He noted that the company has cut spending on less profitable projects and has conducted a rigorous review of all its operations, with an eye toward shedding some of them once restrictions connected to Chevron’s merger with Texaco expire.

O’Reilly said that expenses related to the October 2001 merger were largely absorbed, and that the combined company would achieve its promised $2.2 billion in cost savings by the end of April.

Investors reacting to the report initially sent ChevronTexaco shares down 3% to $62.11 in New York Stock Exchange trading. The shares then reversed course amid a general rise in the oil sector and closed up 20 cents to $64.40. ChevronTexaco shares have fallen 30% in the last year.

“We’re all disappointed,” said Fadel Gheit, senior energy analyst at Fahnestock & Co., who rates ChevronTexaco a “buy” and holds shares in the company.

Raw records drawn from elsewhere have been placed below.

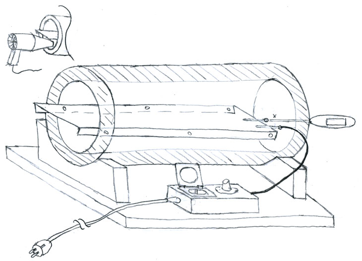 Es reicht übrigens aus, das Rohr ein paar Grade schräg aufzustellen um den Kamineffekt zu erhalten.
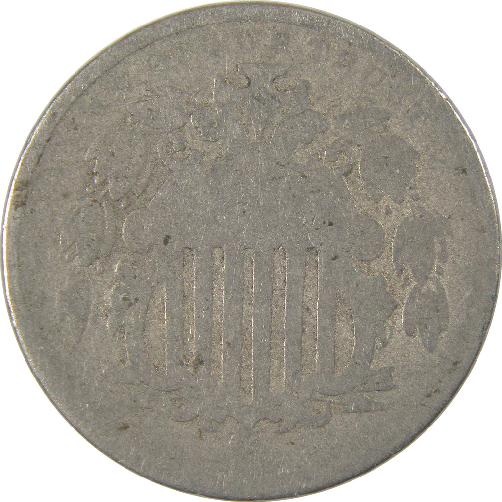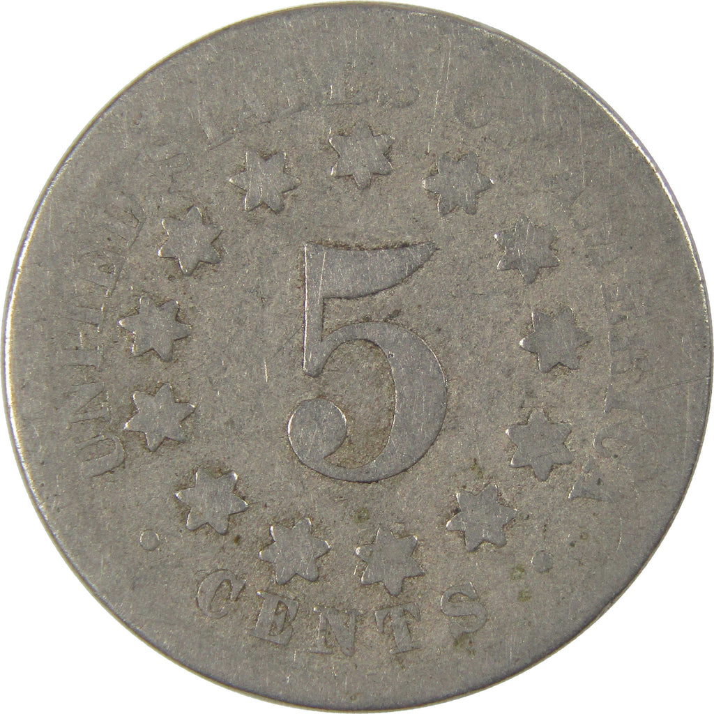 The classic Shield nickel of 1866-1883 replaced the silver half dimes of 1794-1873. The coin's obverse depicts a shield and wreath, while the reverse features a large numeral "5" inside a circle of 13 stars above the word CENTS.
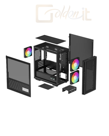 microATX, Black, 2x3,5", 3x2,5", 1xUSB3.0, 1xUSB Type-C, Audio, Táp nélkül, 428x215x431mm, Ventilátor:2x14cm, 1x12cm, Tempered glass window, RGB, Gamer
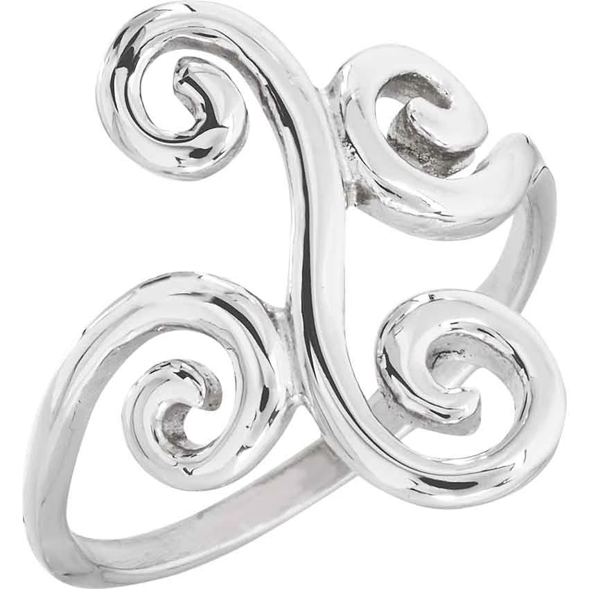 Crafted into an elegant curling scrollwork design, this stainless steel ring makes a stunning addition to any outfit from medieval to modern. The Stainless Steel Spiral Ring displays a central scroll that begins to spiral at each end. This scroll is placed perpendicular to the rest of the thin band, which connects to it by another spiral on each side. The stainless steel material gives this piece a bright and shiny gleam for a fantastic silver metal look. The overall simplicity of the design ensures that this piece can go with casual or formal apparel. It makes a great gift or personal accessory for fans of scrollwork designs.
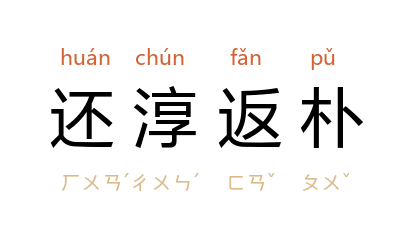 ⒈ 回复到人原来朴实、淳厚的本性。唐·崔融〈则天大圣皇后哀册文〉:「洒以甘露,覆之庆云,制礼作乐,还淳返朴。」也作「还淳反朴」。

“It’s a mixed bag of good news and bad news,” he added, “but mostly bad news.”

Specifically, the same higher gas and oil prices that boosted operating profit at ChevronTexaco’s exploration and production business also squeezed margins and produced fourth-quarter losses for the company’s refineries, transportation and gas station operations.

ChevronTexaco said the higher cost of crude and a drop in diesel demand because of the tepid economy triggered an operating loss of $151 million for the refinery and marketing side of the corporation.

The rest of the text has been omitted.